Не расставаясь с шелковой коробкой, доктор проковылял к вешалке, с мучениями вынул руки из рукавов, устроил пальто на крючке, а шляпу над ним. Передвигался он трудной походкой больного человека. Подойдя к столу, опустил коробку около ботинок.
– Если вам нездоровится, можем перенести на другой день, не к спеху, – сказал Ванзаров, изучая помятый пиджак, неглаженые брюки и обручальное кольцо, вросшее в палец.
– Нет, нет, все хорошо… Ненавижу зиму, люблю тепло, – ответил доктор, сохраняя равновесие. – Не стоит откладывать, я так долго ждал этого момента, столько сил было потрачено. Не стоит откладывать…

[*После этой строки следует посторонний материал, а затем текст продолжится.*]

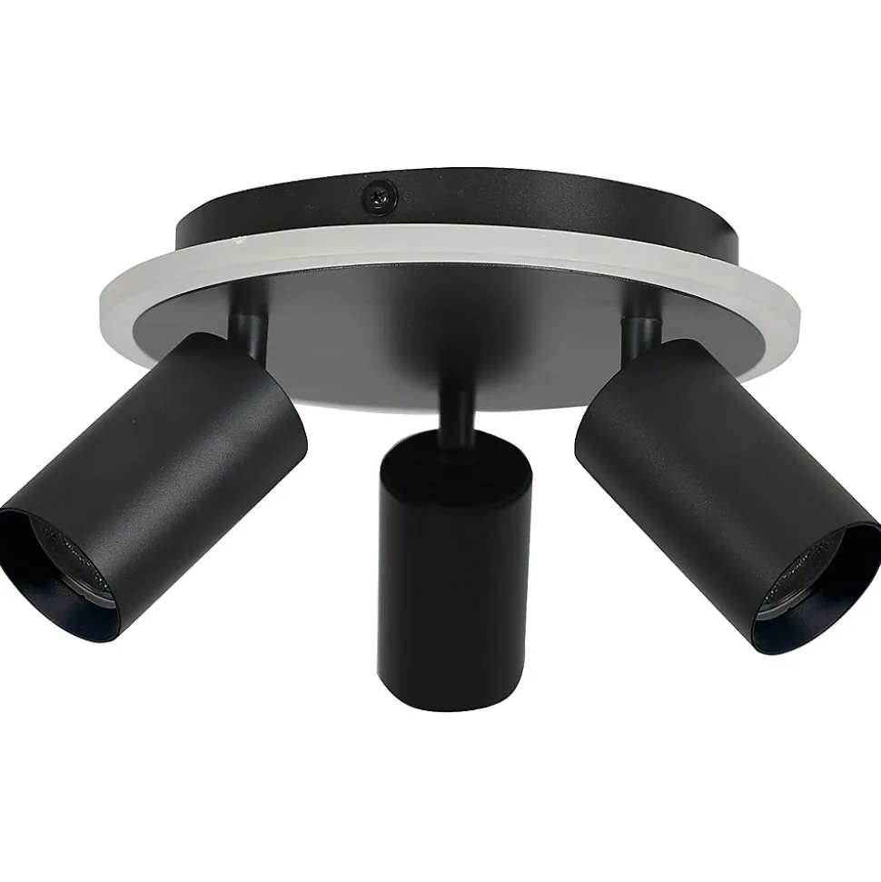 Le plafonnier Parma 3 est un luminaire moderne qui combine design minimaliste et éclairage fonctionnel. Sa finition noire élégante et sa forme ronde en font un choix idéal pour les intérieurs contemporains.Ce plafonnier est équipé de trois spots orientables GU10 qui permettent de diriger la lumière précisément vers les zones importantes de la pièce. Il est ainsi parfait pour éclairer un bureau, un plan de travail, une table ou un coin lecture.En complément des spots, le luminaire dispose également d’un éclairage LED intégré avec température de couleur réglable CCT 3000K – 4000K – 6000K. Cette fonction permet d’adapter l’ambiance lumineuse selon les besoins : lumière chaude pour un moment de détente, lumière neutre pour un éclairage quotidien ou lumière froide pour le travail.Avec son diamètre compact de 24 cm, ce plafonnier est idéal pour les pièces où l’espace est limité. Il convient parfaitement au salon, à la chambre, au couloir ou au bureau.Les anneaux décoratifs interchangeables noir ou doré permettent également de personnaliser le style du luminaire selon la décoration intérieure.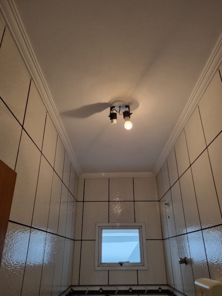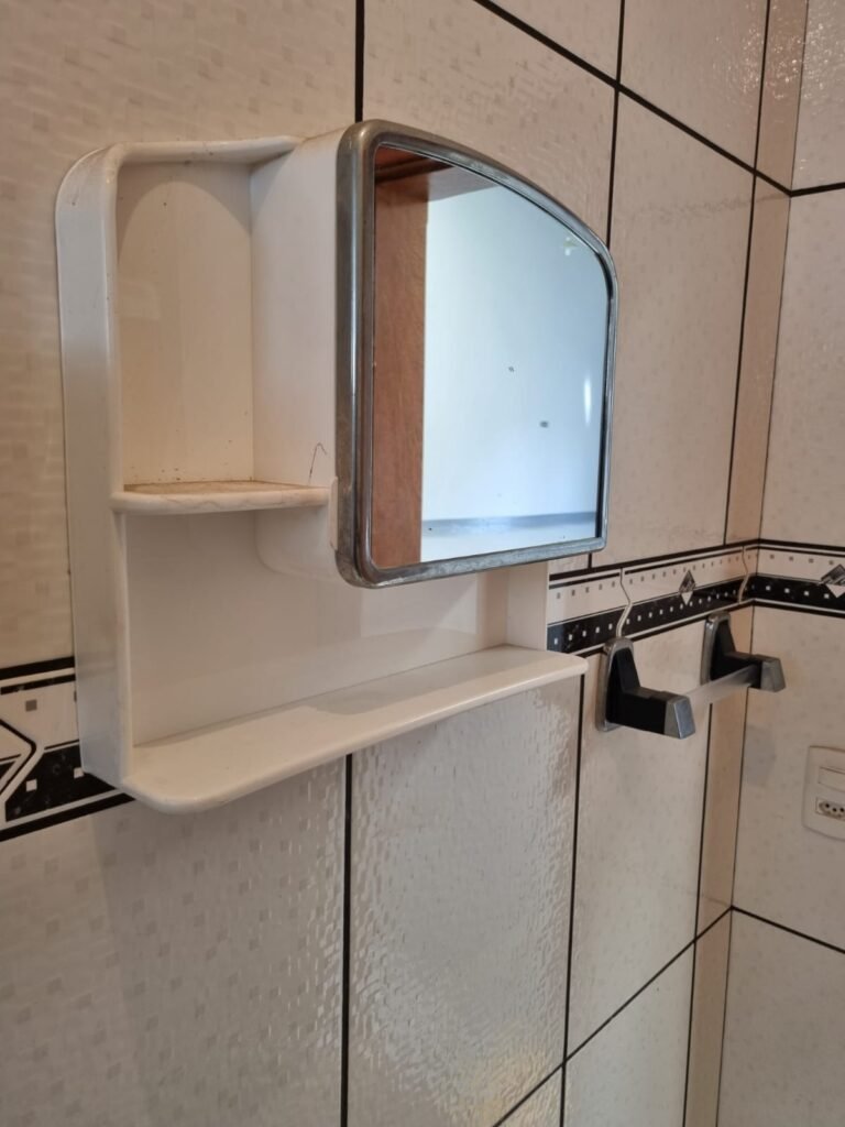 WC1:- Piso frio cerâmico da cor branca em ordem, parede com azulejos até o teto na cor branca com faixa em detalhes preto em ordem, 01 lâmpada led em ordem, 01 bocal sem lâmpada em ordem, 01 interruptor em ordem, conjunto lavatório cerâmico branca com coluna em ordem, sifão universal sanfonado em ordem, 01 torneira em ordem, conjunto de vaso sanitário com caixa acoplada e tampa em ordem, registro em ordem, porta de madeira envernizada em ordem, maçaneta em ordem, fechadura e chave fixa em ordem, suportes de papel higiênico e toalhas em ordem, espelho com armário em ordem, ponto para chuveiro em ordem, 01 janela basculante com vidro em ordem, trava em ordem, 01 ralo com tampa em ordem.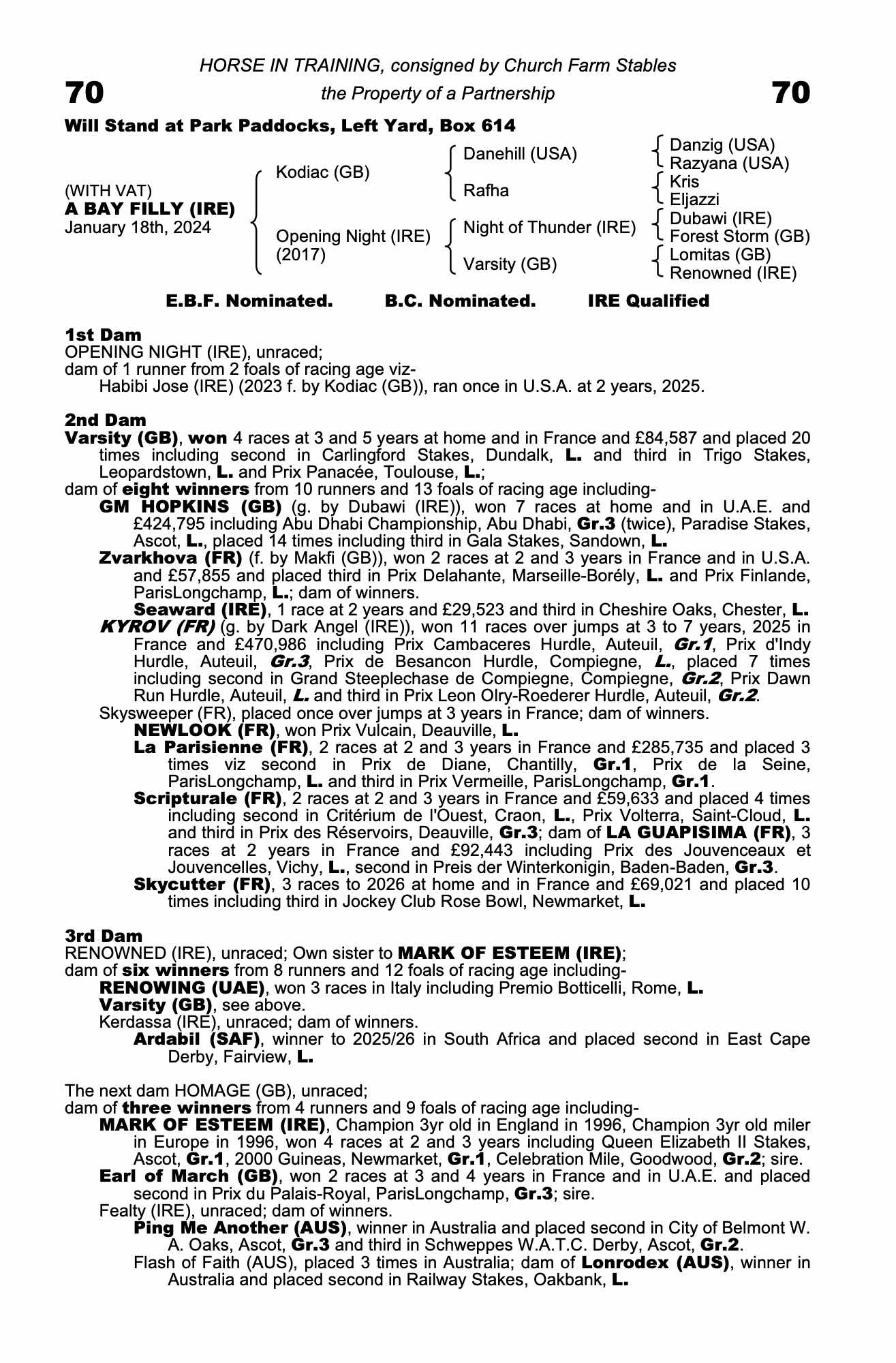 Under 2nd dam, Skysweeper (FR), dam of: WE'LL DEFEND (FR), 2 races at 3 and 4 years, 2026 in France and £32,253 including Prix Zarkava, ParisLongchamp, L..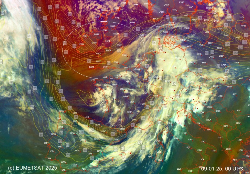 Das Sturmtief entstand auf der kalten Seite des Jetstreams rückseitig der Okklusionsfront eines ausgedehnten Tiefdrucksystems über dem Ärmelkanal.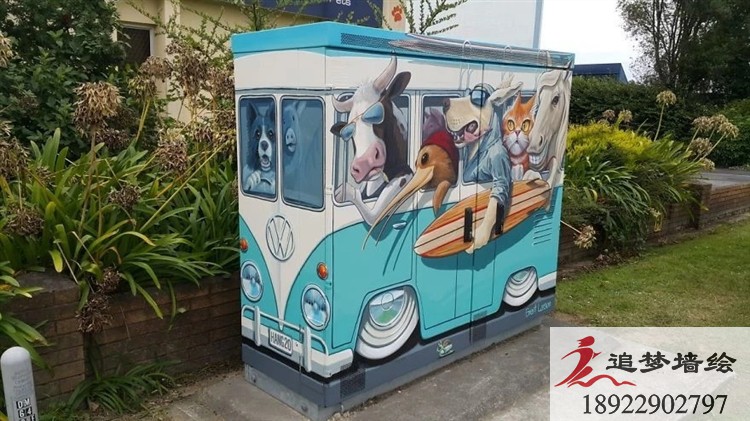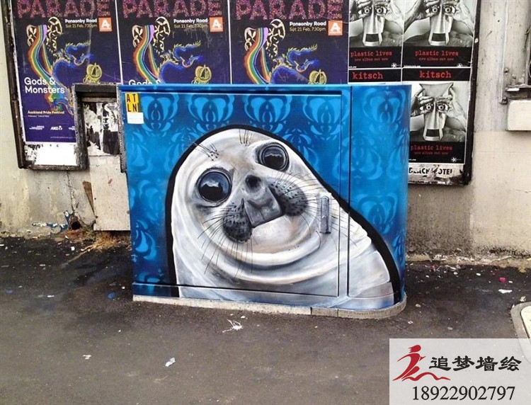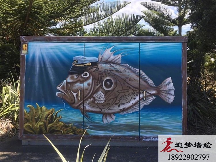 在佛山順峰山有很多電箱穿上了“新衣”,這是我們追夢墻繪的小小杰作,這些可愛有趣的繪畫勢必會更加吸引游客在此玩耍。憨憨可愛的小海豹、神秘的黑色鰻魚、威武的“軍人”大魚、有趣的相機、收音機、動物巴士車等等。這些有意思的畫面,使得這些電箱不再是枯燥鐵皮,讓人眼前一亮,拍照留念。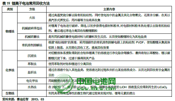 目前廢鋰離子電池的回收利用研究主要集中于電池中正極活性物質的回收利用方法。一般來說,根據所采用的主要關鍵技術,可以將廢鋰離子電池的資源化處理過程分為物理法、化學法和生物法這三類。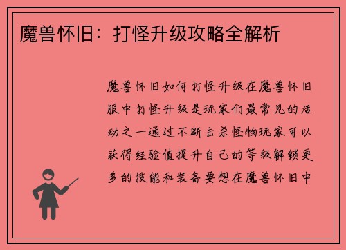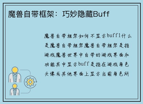 魔兽世界如何关闭能量经验条 在魔兽世界中,能量经验条是一个非常重要的游戏元素,它代表着角色的能量和经验值。有时候玩家可能希望关闭这个经验条,以获得更纯粹的游戏体验。本文将介绍如何关闭魔兽世界的能量经验条。 1. 关闭经验条的作用 关闭经验条可以让玩家专注于游戏的其他方面,如剧情、探索和社交互动。有些玩家可能觉得经验条的存在会让游戏变得过于功利化,而关闭它可以让他们更好地享受游戏的乐趣。 2. 关闭...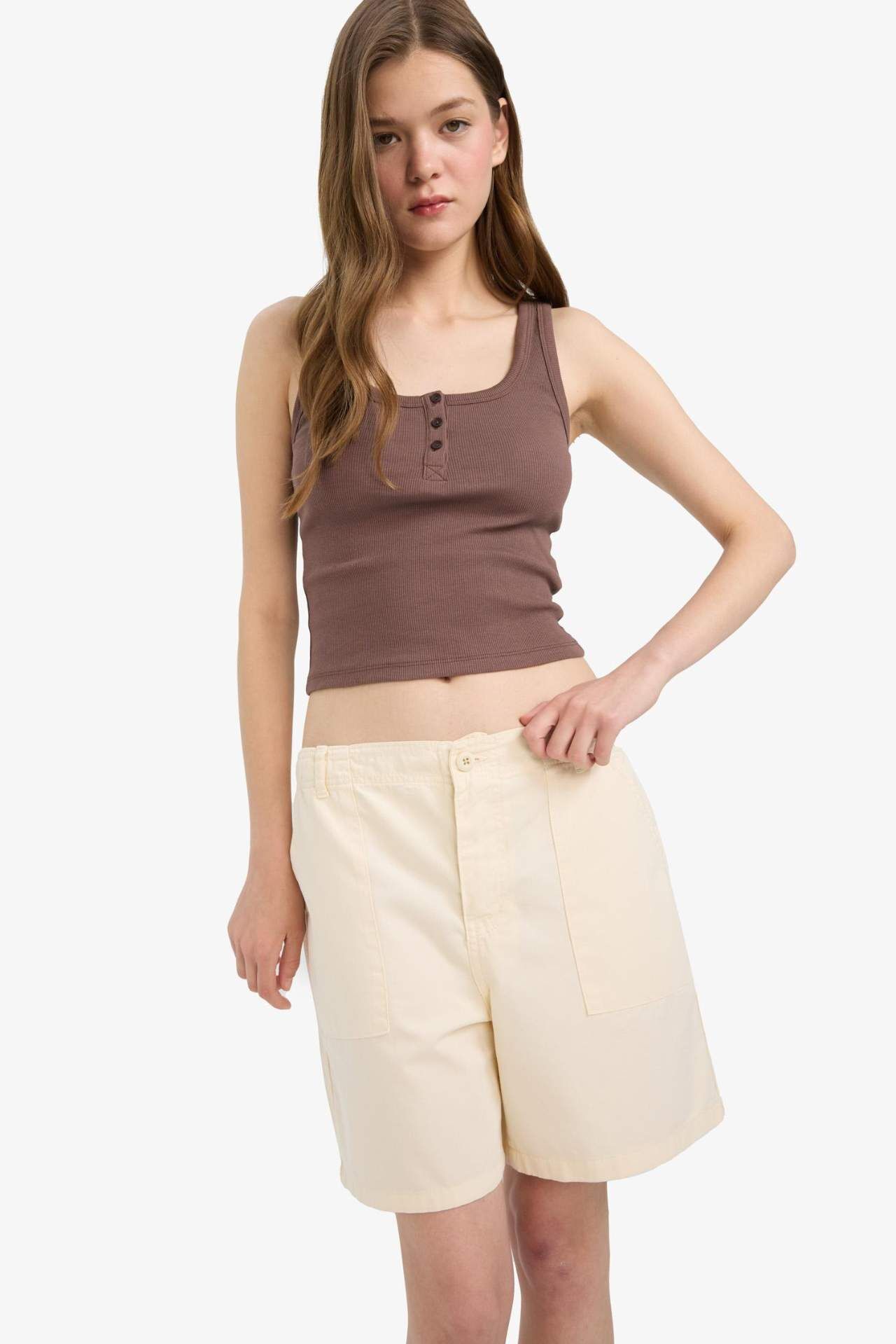 Normal Bel Kısa Paça Gabardin Şort, klasik normal beli ve rahat kesimiyle yaz gardırobunun favorisi. Dayanıklı gabardin kumaşıyla konforlu kullanım sağlar, günlük ve casual kombinlerde şık bir seçimdir. Pamuk 100%,Pamuk 100%,Pamuk 100%,Pamuk 100%,Pamuk 100%,Pamuk 100%,Pamuk 100% Manken Bedeni: Göğüs: 70 Boy: 1,77 Basen: 86 Bel: 59

– Желаете укрепляющий напиток? У меня имеется особый, – Аполлон Григорьевич похлопал по саквояжу. – Мигом приводит в чувство. «Слеза жандарма». Секретный рецепт и гарантия немедленного результата, как бы написали в рекламном объявлении.
– Благодарю, господин Лебедев, я не пью.
– Глоток поставит вас на ноги, коллега…
– Прошу меня простить, вынужден отказать.
– Зря… Да, что стоите, коллега, садитесь. В сыске вежливости не дождетесь.
– Премного благодарен…
Родственные научные души нашли друг друга. Ванзаров был лишним.
– Господин Котт, в сыскной полиции обязательные правила. Могу взглянуть на ваш паспорт? – напомнил он о себе.
И получил негодующий взгляд: как не стыдно спрашивать паспорт у человека, который восхваляет великого Лебедева.
– Понимаю, господа, формальности…
Сунув руку за отворот пиджака, Котт достал серую книжечку годового паспорта. Ванзаров полистал страницы. Дата рождения, вероисповедание, имя-отчество, запрета на проживание в столицах нет. На странице регистрации стояла свежая запись: доктор Котт жил недалеко, на Казанской улице. Паспорт чистый, обложка гладкая, документ содержали в образцовом порядке. Жаль, что пока не вклеивают фотографию, как за границей.
– Благодарю, – Ванзаров возвратил паспорт владельцу. – Вам сорок два?
– Сорок три… Вы же видели дату моего рождения. К чему спрашивать?
– Сколько лет женаты?
– Давным-давно, – ответил Котт, засовывая книжицу в глубины пиджака.
– Господин Ванзаров, формальности улажены? – Аполлон Григорьевич будто переметнулся на сторону доктора и не скрывал раздражения. Такой открытый человек.
– Вполне, господин Лебедев… Господин Котт, нам поручено проверить действия вашего изобретения. Насколько понимаю, оно имеет отношение к телепатии…
– Прошу не путать, – перебил Котт так нервно и резко, будто его обидели. – Мой прибор позволяет ставить эксперименты в области ясновидения. Это исключительно разные направления.